Problem statement: Please give the number of lines in the records below that include "which", with no other output.

Supplied data:
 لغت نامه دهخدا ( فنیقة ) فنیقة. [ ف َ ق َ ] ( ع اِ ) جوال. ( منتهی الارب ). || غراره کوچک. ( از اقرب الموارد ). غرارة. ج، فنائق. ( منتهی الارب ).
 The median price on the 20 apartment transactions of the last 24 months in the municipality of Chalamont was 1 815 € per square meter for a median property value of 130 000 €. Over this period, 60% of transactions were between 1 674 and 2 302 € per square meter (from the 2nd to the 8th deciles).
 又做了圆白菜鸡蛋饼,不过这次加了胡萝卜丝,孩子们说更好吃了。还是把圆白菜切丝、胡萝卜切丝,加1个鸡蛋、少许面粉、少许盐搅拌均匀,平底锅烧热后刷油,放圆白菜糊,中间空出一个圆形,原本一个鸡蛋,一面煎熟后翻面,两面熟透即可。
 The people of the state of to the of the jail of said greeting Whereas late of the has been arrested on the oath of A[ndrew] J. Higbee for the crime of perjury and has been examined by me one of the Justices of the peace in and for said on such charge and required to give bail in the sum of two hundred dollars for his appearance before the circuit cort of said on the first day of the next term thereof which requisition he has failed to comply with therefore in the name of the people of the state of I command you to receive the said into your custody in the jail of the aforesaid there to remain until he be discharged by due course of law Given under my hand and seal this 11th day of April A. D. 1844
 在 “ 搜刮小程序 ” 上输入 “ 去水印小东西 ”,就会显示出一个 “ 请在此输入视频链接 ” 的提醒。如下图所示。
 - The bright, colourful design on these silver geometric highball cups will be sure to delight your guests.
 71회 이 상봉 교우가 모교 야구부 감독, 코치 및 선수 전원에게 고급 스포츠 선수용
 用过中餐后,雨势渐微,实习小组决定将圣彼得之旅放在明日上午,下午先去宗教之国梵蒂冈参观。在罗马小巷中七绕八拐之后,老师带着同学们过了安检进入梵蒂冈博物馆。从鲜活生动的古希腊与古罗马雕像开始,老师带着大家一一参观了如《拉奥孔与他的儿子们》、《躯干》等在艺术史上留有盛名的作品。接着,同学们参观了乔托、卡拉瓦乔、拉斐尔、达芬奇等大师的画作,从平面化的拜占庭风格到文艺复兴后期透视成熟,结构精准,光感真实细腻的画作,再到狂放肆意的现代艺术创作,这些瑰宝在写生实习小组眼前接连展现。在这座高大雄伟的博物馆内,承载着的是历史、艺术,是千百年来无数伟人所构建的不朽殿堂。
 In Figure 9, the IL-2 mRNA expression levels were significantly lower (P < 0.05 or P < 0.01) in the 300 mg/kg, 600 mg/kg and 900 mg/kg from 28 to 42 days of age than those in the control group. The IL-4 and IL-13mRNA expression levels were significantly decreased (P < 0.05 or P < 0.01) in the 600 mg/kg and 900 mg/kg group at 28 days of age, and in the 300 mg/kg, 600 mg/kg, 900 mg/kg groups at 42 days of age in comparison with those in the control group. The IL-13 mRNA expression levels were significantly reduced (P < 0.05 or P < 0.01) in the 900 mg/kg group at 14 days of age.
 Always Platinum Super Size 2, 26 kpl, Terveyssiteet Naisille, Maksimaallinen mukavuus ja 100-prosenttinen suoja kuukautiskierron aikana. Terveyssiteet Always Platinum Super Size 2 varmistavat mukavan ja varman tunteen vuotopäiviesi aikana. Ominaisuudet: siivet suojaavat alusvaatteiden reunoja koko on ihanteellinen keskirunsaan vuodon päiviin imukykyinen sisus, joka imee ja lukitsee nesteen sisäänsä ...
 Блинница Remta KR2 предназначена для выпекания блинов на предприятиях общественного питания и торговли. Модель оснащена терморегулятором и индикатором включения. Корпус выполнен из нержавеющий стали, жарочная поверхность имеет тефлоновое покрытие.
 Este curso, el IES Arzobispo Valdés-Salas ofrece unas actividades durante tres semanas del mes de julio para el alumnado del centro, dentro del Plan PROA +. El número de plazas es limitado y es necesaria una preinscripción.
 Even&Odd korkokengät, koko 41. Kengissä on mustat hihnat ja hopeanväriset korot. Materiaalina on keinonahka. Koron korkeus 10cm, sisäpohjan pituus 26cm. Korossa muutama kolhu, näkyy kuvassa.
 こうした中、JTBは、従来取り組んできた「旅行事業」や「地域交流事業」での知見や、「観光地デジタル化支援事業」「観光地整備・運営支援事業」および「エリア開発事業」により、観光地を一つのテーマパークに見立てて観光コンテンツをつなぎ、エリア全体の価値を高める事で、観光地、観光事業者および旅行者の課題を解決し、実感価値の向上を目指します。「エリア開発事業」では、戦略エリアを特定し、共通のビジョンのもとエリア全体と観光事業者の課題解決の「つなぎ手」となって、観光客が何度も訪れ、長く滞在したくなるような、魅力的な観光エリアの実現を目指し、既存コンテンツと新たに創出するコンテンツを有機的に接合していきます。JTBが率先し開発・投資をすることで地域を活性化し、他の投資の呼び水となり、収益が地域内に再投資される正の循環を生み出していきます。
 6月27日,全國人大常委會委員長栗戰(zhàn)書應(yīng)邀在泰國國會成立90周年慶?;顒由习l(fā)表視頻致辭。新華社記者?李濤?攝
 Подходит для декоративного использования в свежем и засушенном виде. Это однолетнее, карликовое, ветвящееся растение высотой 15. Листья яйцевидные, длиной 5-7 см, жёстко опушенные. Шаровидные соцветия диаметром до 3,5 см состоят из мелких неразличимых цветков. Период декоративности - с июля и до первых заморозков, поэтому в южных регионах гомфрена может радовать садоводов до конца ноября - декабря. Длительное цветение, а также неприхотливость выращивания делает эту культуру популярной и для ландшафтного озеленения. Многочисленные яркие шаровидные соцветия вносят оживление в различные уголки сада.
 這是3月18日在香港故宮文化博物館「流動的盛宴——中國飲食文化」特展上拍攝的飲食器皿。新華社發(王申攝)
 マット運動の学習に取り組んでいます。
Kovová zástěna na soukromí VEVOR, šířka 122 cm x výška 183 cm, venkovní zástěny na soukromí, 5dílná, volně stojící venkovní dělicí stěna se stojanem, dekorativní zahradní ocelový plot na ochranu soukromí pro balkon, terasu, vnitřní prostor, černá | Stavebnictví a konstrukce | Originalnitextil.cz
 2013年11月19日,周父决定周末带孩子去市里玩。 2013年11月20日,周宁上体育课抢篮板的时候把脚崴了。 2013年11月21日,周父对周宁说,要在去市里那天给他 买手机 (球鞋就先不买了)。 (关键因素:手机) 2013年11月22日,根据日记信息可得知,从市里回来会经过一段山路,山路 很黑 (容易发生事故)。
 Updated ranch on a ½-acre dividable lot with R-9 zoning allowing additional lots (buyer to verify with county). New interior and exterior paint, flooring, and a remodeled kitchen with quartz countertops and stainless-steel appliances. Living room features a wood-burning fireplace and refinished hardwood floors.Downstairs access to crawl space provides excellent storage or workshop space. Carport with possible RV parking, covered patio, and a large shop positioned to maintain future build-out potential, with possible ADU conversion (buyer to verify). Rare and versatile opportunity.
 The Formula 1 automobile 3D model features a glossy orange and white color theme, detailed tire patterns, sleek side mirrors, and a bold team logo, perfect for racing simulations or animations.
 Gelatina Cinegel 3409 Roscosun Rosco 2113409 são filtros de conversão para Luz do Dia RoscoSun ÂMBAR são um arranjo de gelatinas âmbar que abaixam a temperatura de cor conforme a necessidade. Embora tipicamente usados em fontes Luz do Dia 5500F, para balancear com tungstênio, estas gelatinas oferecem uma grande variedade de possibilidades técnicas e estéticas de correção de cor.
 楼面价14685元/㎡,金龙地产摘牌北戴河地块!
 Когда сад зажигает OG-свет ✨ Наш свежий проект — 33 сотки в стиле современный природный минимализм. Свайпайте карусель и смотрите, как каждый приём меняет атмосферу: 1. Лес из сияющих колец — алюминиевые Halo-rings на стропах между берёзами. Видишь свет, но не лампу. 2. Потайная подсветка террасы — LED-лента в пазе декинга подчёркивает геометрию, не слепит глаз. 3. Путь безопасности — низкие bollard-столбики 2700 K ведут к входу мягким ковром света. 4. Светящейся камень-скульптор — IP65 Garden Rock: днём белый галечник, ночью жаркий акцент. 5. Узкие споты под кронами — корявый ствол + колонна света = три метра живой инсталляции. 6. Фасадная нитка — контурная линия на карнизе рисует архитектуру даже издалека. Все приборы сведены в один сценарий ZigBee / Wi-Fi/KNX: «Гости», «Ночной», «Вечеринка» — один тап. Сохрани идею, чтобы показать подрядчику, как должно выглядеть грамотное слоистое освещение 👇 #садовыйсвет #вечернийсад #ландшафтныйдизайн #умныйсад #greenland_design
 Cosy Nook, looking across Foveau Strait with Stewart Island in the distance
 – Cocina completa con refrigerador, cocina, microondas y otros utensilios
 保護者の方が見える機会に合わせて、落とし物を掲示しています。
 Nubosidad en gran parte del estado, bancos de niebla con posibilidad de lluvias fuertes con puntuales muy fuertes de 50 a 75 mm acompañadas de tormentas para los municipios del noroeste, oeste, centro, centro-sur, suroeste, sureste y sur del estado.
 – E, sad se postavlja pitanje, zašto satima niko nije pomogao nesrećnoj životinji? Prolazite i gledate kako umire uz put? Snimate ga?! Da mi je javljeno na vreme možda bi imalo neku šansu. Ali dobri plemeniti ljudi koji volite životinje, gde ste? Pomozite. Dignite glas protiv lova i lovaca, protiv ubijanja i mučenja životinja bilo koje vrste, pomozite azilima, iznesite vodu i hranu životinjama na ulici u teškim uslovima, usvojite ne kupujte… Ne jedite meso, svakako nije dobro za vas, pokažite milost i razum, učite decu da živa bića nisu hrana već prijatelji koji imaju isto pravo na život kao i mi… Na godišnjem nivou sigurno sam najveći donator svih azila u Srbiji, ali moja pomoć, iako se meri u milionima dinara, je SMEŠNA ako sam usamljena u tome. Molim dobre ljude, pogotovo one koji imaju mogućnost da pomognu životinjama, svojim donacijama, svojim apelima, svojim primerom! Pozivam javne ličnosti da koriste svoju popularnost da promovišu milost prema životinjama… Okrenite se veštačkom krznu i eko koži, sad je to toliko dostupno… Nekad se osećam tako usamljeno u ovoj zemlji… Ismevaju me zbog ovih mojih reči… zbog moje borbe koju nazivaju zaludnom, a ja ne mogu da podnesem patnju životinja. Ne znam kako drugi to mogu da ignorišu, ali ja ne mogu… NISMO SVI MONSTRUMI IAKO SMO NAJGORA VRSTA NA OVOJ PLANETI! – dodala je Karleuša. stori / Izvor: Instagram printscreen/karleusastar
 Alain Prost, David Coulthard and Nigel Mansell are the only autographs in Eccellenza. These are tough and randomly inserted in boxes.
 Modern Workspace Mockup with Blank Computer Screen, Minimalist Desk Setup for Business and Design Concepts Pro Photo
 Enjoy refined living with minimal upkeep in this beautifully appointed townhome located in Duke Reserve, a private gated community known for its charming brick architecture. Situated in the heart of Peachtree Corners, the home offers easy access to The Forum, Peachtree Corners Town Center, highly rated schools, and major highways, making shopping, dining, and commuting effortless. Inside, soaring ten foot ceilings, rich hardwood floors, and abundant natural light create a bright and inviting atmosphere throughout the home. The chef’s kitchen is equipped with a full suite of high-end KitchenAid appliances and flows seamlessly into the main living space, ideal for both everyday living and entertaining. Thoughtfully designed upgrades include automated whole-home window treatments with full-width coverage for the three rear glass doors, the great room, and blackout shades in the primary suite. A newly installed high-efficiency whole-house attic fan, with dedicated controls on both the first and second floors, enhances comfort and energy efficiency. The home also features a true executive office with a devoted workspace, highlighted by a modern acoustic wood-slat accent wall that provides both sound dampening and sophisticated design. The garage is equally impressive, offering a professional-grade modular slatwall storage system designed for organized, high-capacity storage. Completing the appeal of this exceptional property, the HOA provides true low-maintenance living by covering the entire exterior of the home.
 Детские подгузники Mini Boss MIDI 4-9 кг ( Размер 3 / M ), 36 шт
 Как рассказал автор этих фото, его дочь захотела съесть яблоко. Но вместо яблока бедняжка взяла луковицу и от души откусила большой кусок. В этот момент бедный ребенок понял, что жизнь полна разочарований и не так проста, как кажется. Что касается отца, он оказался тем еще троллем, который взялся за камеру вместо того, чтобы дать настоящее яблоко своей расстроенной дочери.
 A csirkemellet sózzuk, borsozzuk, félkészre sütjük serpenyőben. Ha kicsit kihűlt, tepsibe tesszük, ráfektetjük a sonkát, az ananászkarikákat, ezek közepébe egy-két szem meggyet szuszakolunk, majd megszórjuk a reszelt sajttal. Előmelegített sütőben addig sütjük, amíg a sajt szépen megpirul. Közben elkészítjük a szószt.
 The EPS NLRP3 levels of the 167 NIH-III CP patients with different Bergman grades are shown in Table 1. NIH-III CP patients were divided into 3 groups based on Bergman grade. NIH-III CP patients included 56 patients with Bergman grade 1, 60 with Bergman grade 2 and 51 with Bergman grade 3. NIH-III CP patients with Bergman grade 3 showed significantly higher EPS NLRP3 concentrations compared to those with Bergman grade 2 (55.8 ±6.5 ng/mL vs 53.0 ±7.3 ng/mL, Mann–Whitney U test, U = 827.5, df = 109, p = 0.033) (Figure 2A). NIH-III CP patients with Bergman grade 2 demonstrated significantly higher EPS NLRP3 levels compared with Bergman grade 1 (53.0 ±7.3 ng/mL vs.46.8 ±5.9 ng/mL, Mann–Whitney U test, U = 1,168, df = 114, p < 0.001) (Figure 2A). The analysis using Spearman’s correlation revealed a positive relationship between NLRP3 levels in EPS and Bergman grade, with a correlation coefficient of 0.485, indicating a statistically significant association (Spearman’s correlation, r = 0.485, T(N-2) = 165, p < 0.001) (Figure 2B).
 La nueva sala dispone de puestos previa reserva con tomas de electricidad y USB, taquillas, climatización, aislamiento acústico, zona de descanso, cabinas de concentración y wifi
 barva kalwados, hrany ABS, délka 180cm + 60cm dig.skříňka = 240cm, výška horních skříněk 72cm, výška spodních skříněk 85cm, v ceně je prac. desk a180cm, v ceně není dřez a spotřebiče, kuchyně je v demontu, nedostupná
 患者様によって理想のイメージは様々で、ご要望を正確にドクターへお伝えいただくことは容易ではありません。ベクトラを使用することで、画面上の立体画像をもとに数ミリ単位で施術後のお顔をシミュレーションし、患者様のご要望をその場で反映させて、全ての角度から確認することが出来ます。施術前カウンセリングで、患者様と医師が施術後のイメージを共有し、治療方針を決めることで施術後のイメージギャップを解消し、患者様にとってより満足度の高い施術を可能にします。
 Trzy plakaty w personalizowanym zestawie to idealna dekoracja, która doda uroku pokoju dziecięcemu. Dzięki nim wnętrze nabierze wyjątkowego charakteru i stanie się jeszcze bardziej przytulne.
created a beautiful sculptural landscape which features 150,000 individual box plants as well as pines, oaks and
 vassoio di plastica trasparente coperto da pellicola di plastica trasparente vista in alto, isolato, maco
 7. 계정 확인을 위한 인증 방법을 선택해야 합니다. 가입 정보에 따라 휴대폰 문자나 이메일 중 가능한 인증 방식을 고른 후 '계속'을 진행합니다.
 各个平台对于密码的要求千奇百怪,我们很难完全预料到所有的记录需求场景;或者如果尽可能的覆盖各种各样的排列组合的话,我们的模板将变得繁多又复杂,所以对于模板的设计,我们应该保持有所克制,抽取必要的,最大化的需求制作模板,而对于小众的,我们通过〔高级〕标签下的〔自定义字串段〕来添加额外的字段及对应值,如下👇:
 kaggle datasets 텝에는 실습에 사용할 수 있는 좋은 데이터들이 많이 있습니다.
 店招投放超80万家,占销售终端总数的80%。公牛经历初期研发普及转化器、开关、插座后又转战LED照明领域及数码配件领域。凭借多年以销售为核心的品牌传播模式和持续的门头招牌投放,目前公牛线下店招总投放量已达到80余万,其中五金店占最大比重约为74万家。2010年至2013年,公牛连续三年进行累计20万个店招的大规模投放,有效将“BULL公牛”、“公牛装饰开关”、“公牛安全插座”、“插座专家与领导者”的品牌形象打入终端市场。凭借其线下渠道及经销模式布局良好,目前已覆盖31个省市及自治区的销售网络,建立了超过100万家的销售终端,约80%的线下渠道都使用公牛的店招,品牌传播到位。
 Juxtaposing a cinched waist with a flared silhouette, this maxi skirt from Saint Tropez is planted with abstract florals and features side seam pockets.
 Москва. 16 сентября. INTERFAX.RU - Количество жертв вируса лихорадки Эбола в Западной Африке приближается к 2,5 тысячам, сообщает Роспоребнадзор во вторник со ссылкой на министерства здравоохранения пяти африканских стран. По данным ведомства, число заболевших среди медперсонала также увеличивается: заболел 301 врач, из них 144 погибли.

Answer section: 2